- **Material provided**:
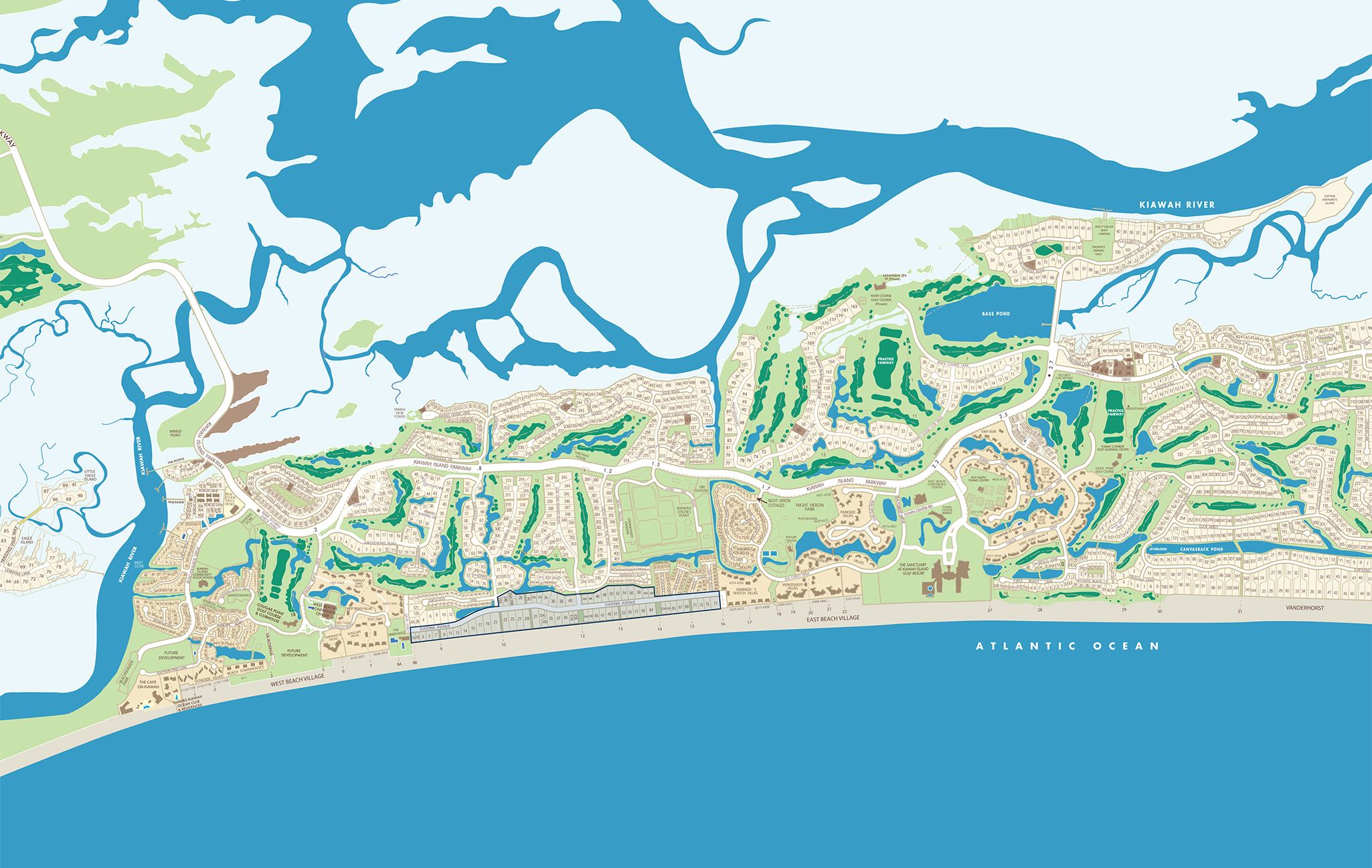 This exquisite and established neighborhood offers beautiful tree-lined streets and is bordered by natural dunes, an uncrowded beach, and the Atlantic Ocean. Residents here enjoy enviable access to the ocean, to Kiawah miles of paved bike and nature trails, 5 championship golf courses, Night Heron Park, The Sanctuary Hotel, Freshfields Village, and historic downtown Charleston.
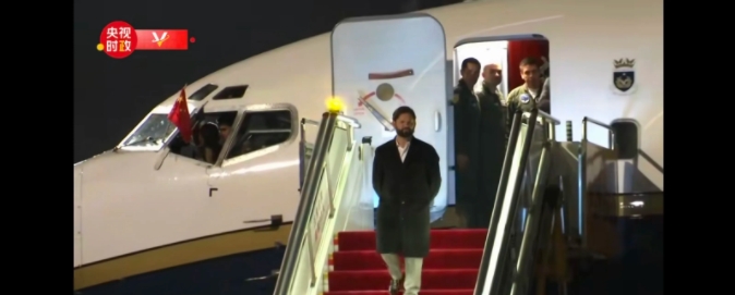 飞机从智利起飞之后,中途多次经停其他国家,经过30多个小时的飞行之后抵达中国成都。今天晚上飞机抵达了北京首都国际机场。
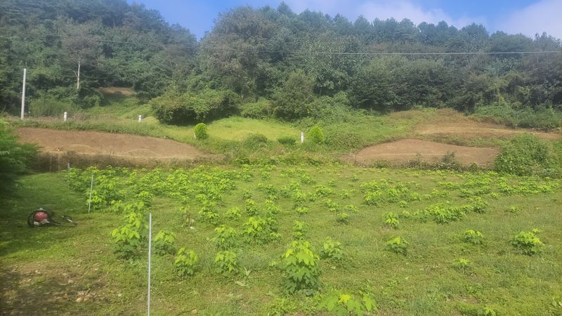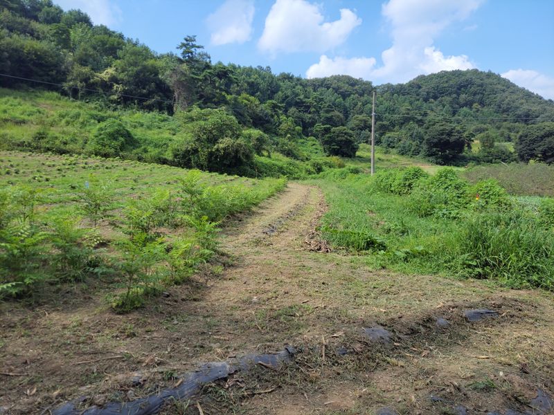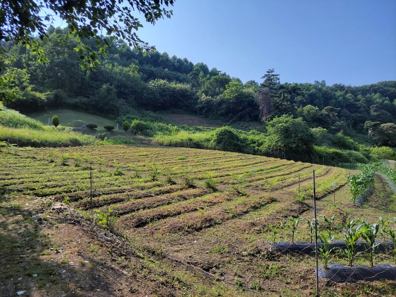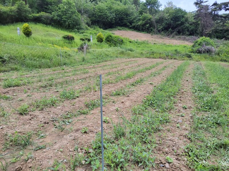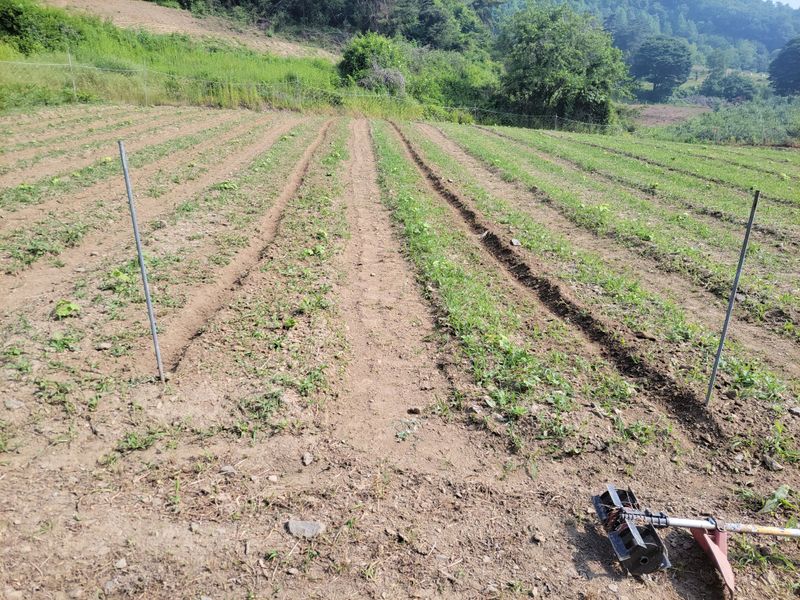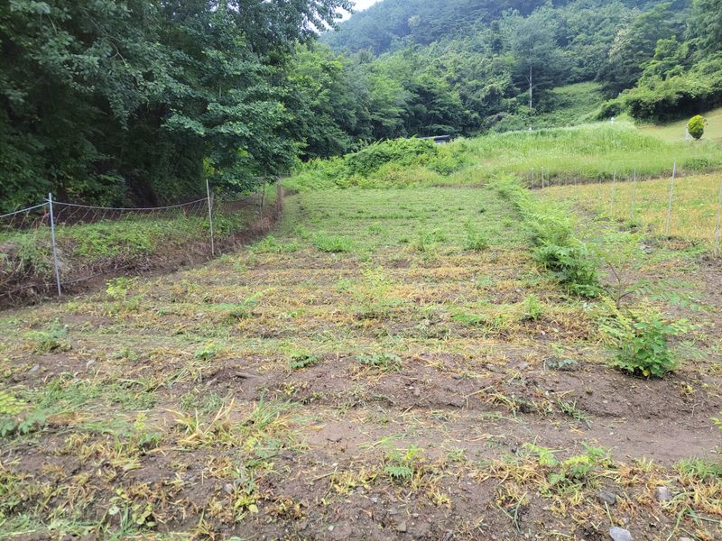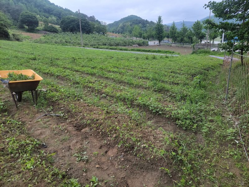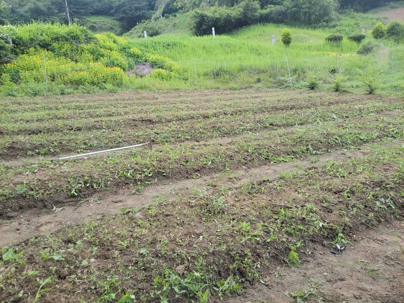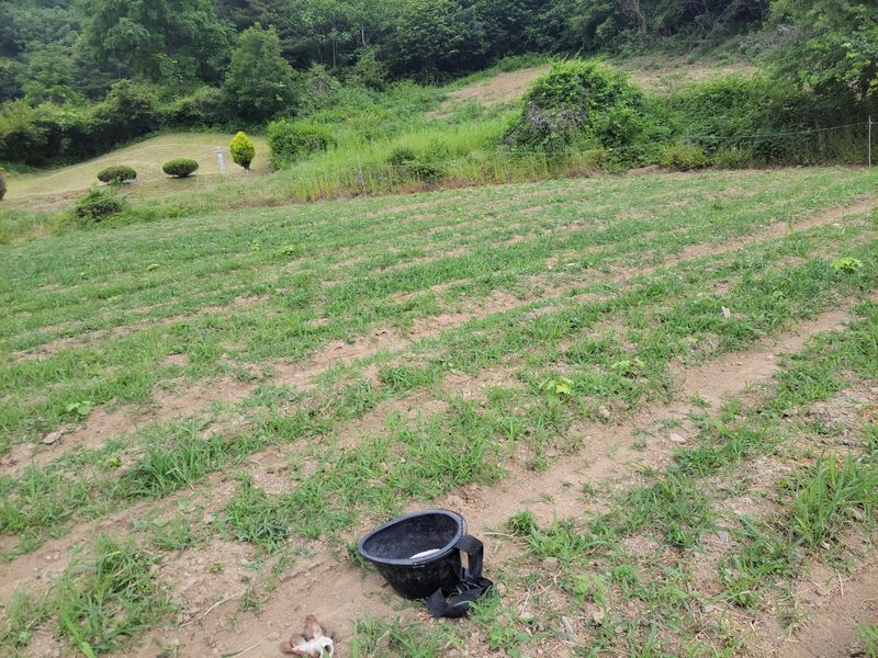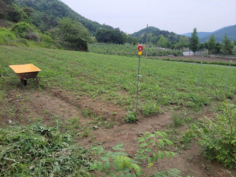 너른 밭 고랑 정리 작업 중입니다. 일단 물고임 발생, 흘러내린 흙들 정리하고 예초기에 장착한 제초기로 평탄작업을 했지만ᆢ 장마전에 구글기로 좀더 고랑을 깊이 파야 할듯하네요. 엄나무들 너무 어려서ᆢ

- **Task to carry out**: Your copy should hold only the lines from the line with "飞机从智利起飞之后,中途多次" through the end of the data above, both ends included, transcribed exactly and without pictures.

- **Finished exercise**:
 飞机从智利起飞之后,中途多次经停其他国家,经过30多个小时的飞行之后抵达中国成都。今天晚上飞机抵达了北京首都国际机场。
 너른 밭 고랑 정리 작업 중입니다. 일단 물고임 발생, 흘러내린 흙들 정리하고 예초기에 장착한 제초기로 평탄작업을 했지만ᆢ 장마전에 구글기로 좀더 고랑을 깊이 파야 할듯하네요. 엄나무들 너무 어려서ᆢ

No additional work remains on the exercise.